■ The task ■
The whole listing needs to be written out exactly, except for any images.
===== Provided material =====
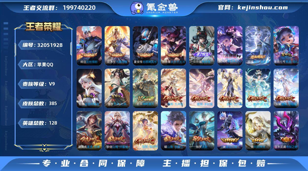 苹果Q-V9-最强王者段位-128英雄-385皮肤-4典藏皮肤-1无双-2珍品传说-44传说-109史诗【英雄全皮】:孙权全皮,苍全皮,空空儿全皮【荣耀典藏】:夏侯惇无限飓风号,孙尚香杀手不太冷,花木兰九霄神辉,韩信弑枪猎影【无双皮肤】:公孙离离恨烟【珍品传说】:安琪拉酷洛米之心,嫦娥器灵落星盏【传说皮肤】:马超神骥逐星野,后羿神树通天,后羿千劫归真,司空震愿照山河定,女娲愿照千秋盛,妲己愿照众生和,澜愿照九州拓,蔡文姬愿照福禄聚,虞姬愿照岁时盈,云缨幻光神枪,嬴政玄雷天君,桑启鸣野蒿,庄周牧神诗旅,澜逐花归海,上官婉儿妄想奇谈,伽罗炽翼辉光,小乔山海琳琅生,曜山海苍雷引,李信山海炽霜斩,李白诗剑行,不知火舞绯月行,马超无双飞将,女娲补天,孙策末日机甲,裴擒虎寅虎赤拳,鲁班七号寅虎瑞焰,赵云淬星耀世,王昭君乞巧织情,李元芳飞鸢探春,兰陵王默契交锋,铠绛天战甲,镜炽阳神光,虞姬启明星使,关羽武圣,曜云鹰飞将,李信一念神魔,伽罗太华,干将莫邪久胜战神,达摩黄金狮子座,梦奇胖达荣荣,后羿黄金射手座,貂蝉仲夏夜之梦,宫本武藏地狱之眼,孙悟空地狱火【限定皮肤】:白起狰,公孙离离恨烟,姜子牙天穹之誓,狄仁杰阴阳师,廉颇寅虎御盾,小乔山海琳琅生,赵云皇家上将,嬴政白昼王子,鲁班七号寅虎瑞焰,庄周蜃楼王,庄周高山流水,高渐离玩趣恶龙,孙膑妖精王,孙膑天狼运算者,白起夜都怪侠,芈月重明,芈月白晶晶,吕布猎兽之王,元歌云间偶戏,元歌无心,夏侯惇朔风刀,甄姬游园惊梦,曹操烛龙,典韦穷奇,典韦岱宗,马可波罗暗影游猎,马可波罗山海玄木吟,狄仁杰魔术师,狄仁杰万华元夜,达摩星际陆战队,达摩沙漠行僧,项羽海滩派对,项羽霸王别姬,老夫子醍醐杖,关羽武圣,程咬金演武夺筹,韩信飞衡,兰陵王默契交锋,兰陵王金庭之子,花木兰默契交锋,不知火...
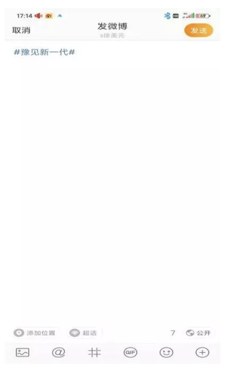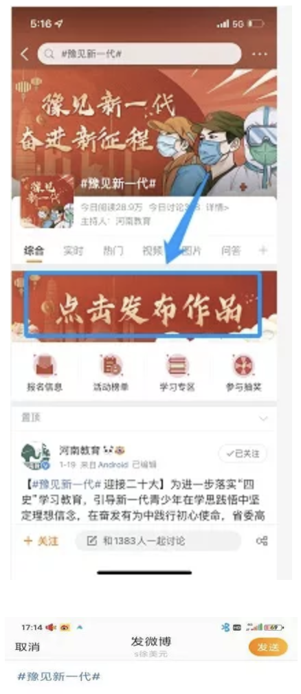 点击活动主页中的“点击发布作品”,或主页底部“和 XX 人一起讨论”,就可以自动带#豫见新一代#关键词,并发布内容(文字+图片或视频),然后点击右上角“发送”即可。(所有微博账号,无论是否未认证,均可参与评论。)
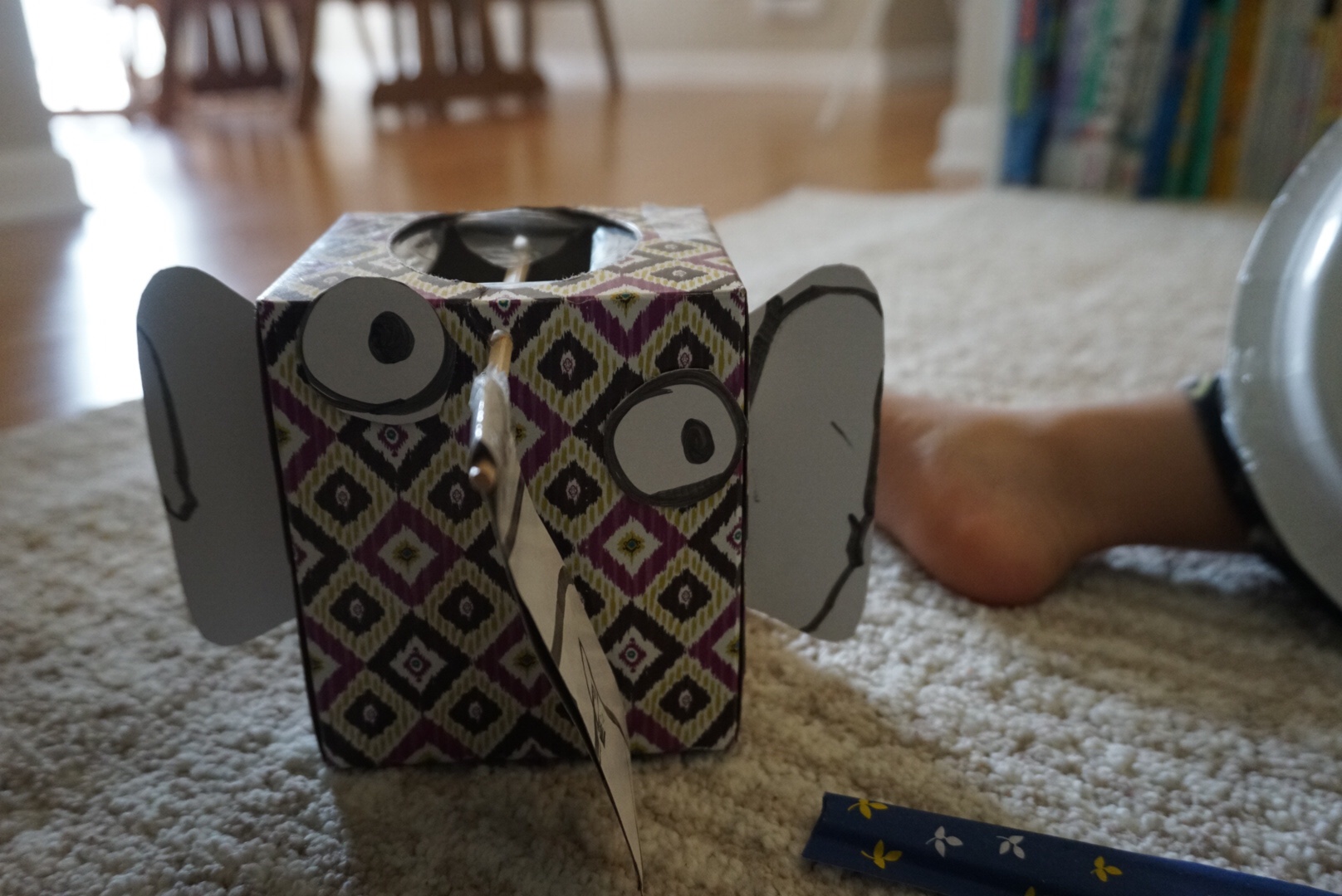 次に、ティッシュ箱に穴を開けて、割り箸を通します。
=====
■ Solution ■
 苹果Q-V9-最强王者段位-128英雄-385皮肤-4典藏皮肤-1无双-2珍品传说-44传说-109史诗【英雄全皮】:孙权全皮,苍全皮,空空儿全皮【荣耀典藏】:夏侯惇无限飓风号,孙尚香杀手不太冷,花木兰九霄神辉,韩信弑枪猎影【无双皮肤】:公孙离离恨烟【珍品传说】:安琪拉酷洛米之心,嫦娥器灵落星盏【传说皮肤】:马超神骥逐星野,后羿神树通天,后羿千劫归真,司空震愿照山河定,女娲愿照千秋盛,妲己愿照众生和,澜愿照九州拓,蔡文姬愿照福禄聚,虞姬愿照岁时盈,云缨幻光神枪,嬴政玄雷天君,桑启鸣野蒿,庄周牧神诗旅,澜逐花归海,上官婉儿妄想奇谈,伽罗炽翼辉光,小乔山海琳琅生,曜山海苍雷引,李信山海炽霜斩,李白诗剑行,不知火舞绯月行,马超无双飞将,女娲补天,孙策末日机甲,裴擒虎寅虎赤拳,鲁班七号寅虎瑞焰,赵云淬星耀世,王昭君乞巧织情,李元芳飞鸢探春,兰陵王默契交锋,铠绛天战甲,镜炽阳神光,虞姬启明星使,关羽武圣,曜云鹰飞将,李信一念神魔,伽罗太华,干将莫邪久胜战神,达摩黄金狮子座,梦奇胖达荣荣,后羿黄金射手座,貂蝉仲夏夜之梦,宫本武藏地狱之眼,孙悟空地狱火【限定皮肤】:白起狰,公孙离离恨烟,姜子牙天穹之誓,狄仁杰阴阳师,廉颇寅虎御盾,小乔山海琳琅生,赵云皇家上将,嬴政白昼王子,鲁班七号寅虎瑞焰,庄周蜃楼王,庄周高山流水,高渐离玩趣恶龙,孙膑妖精王,孙膑天狼运算者,白起夜都怪侠,芈月重明,芈月白晶晶,吕布猎兽之王,元歌云间偶戏,元歌无心,夏侯惇朔风刀,甄姬游园惊梦,曹操烛龙,典韦穷奇,典韦岱宗,马可波罗暗影游猎,马可波罗山海玄木吟,狄仁杰魔术师,狄仁杰万华元夜,达摩星际陆战队,达摩沙漠行僧,项羽海滩派对,项羽霸王别姬,老夫子醍醐杖,关羽武圣,程咬金演武夺筹,韩信飞衡,兰陵王默契交锋,兰陵王金庭之子,花木兰默契交锋,不知火...
 点击活动主页中的“点击发布作品”,或主页底部“和 XX 人一起讨论”,就可以自动带#豫见新一代#关键词,并发布内容(文字+图片或视频),然后点击右上角“发送”即可。(所有微博账号,无论是否未认证,均可参与评论。)
 次に、ティッシュ箱に穴を開けて、割り箸を通します。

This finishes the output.